En Rapid City, South Dakota, mi madre me daba cubitos de
hielo envueltos en servilletas para que los chupase. Estaban Saliéndome los
dientes y el hielo me insensibilizaba las encías.
Aquella noche atravesamos los Badlands. Yo viajaba en la
bandeja que hay detrás del asiento trasero del Plymouth, mirando las estrellas.

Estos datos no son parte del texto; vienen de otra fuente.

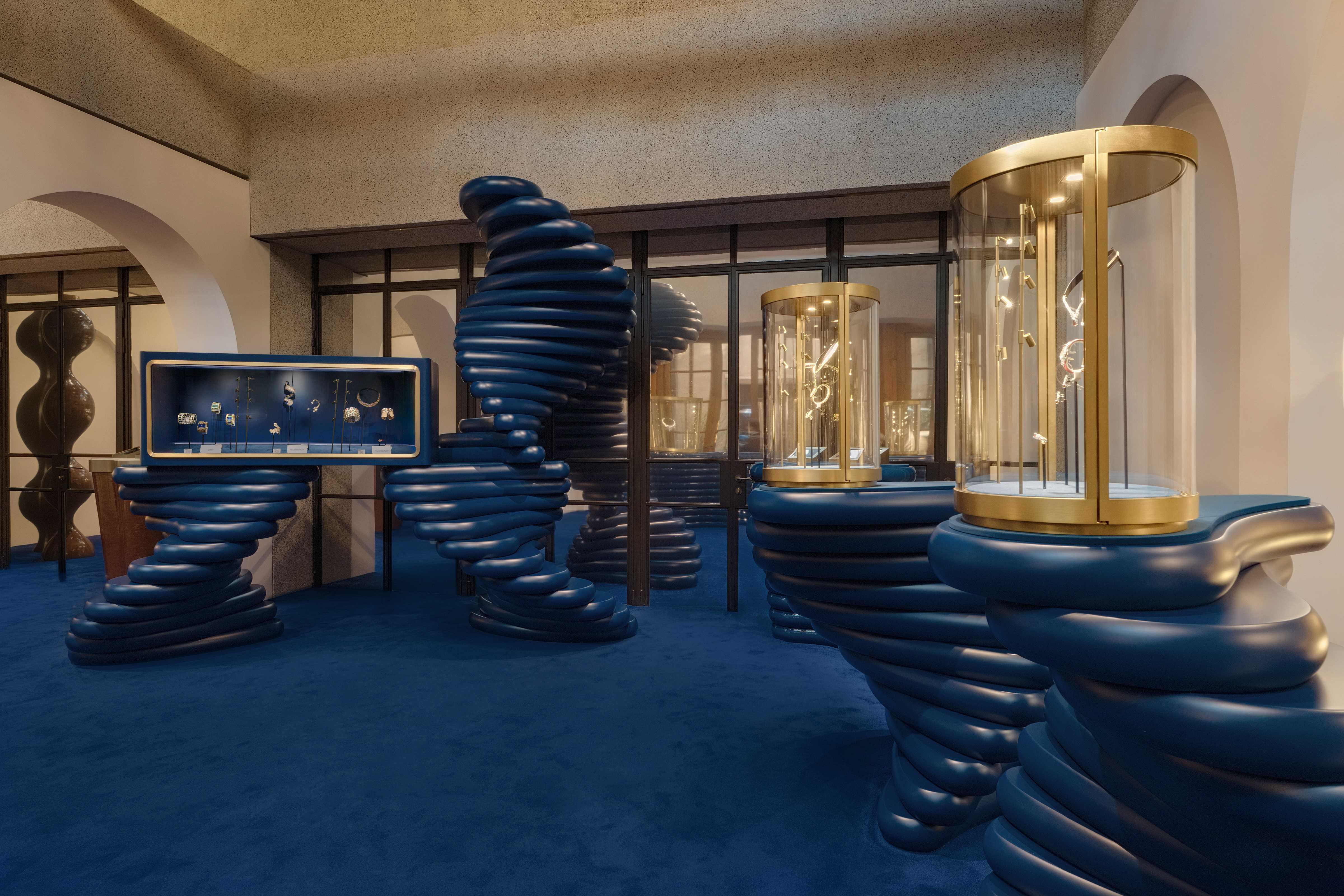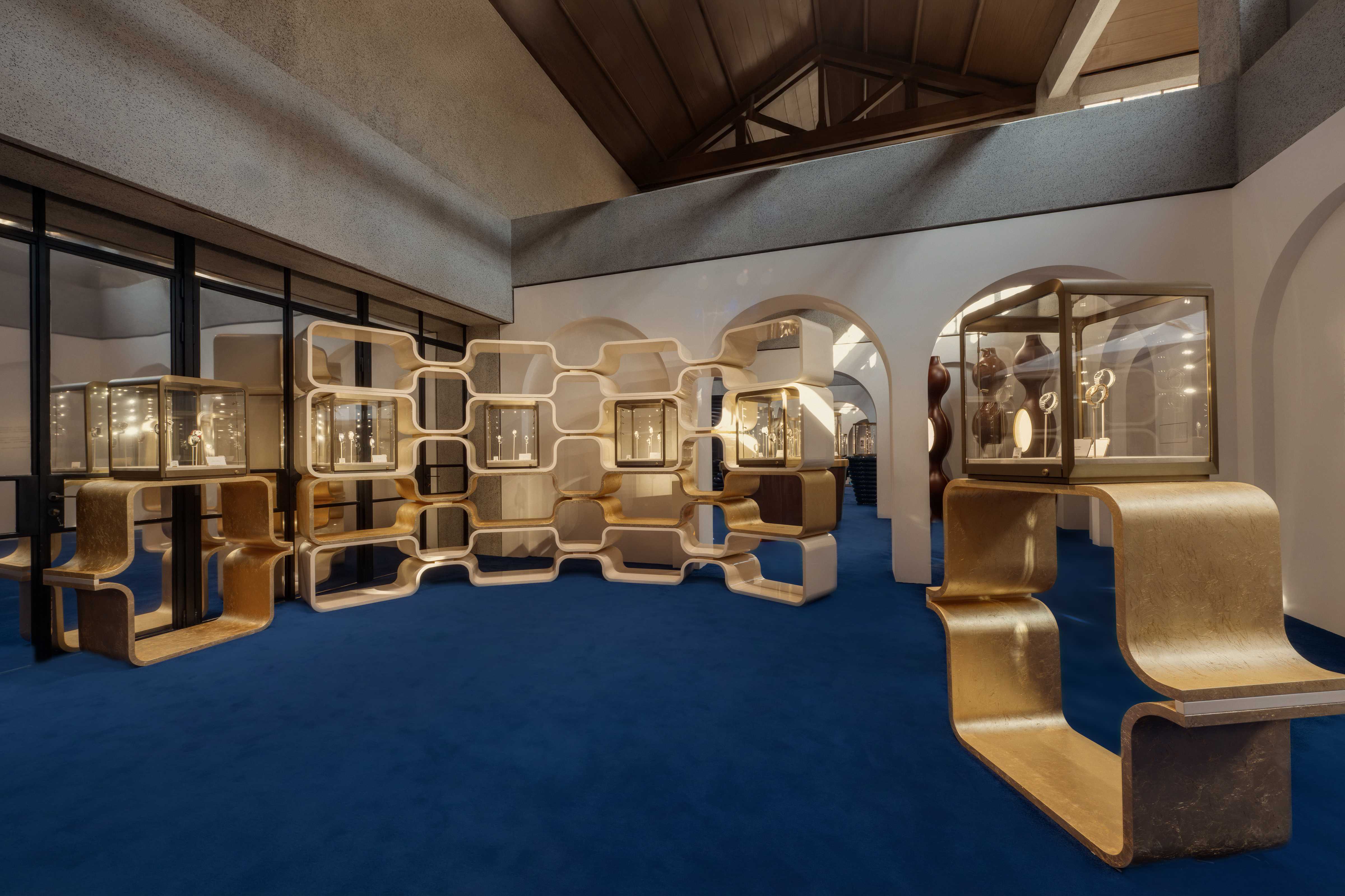 步入此主题展区,参观者仿佛受邀进入一个私密而奢华的名流雅聚。空间内布置有蓝色的旋转装置,其设计灵感源自法国的塞特小镇(Sète)层级而上的自然风光, 同时也是向20世纪80年代克劳德·蒙塔纳(Claude Montana)推出的经典香水的瓶身造型致敬,浓厚的复古风格跃然眼前。在安逸与欢愉交织的氛围中,再现PIAGET伯爵多年来凝聚全球创意精英与品味名流的独特生态。

El cristal estaba helado al tacto.
Nos detuvimos en la pradera, en un lugar donde había un
círculo de enormes dinosaurios de yeso blanco. No era un pueblo. Simplemente
los dinosaurios iluminados desde el suelo por unos focos.
Mi madre me llevó a dar una vuelta abrigado bajo una manta
parda del ejército. Tarareaba una canción lenta. Creo que era «Peg a’ My
Heart». La tarareaba bajito, para sí misma. Como si sus pensamientos estuvieran
muy lejos de allí.
Serpenteamos lentamente por entre los dinosaurios. Por entre
sus patas. Bajo sus tripas. Describimos círculos en torno al Brontosauro.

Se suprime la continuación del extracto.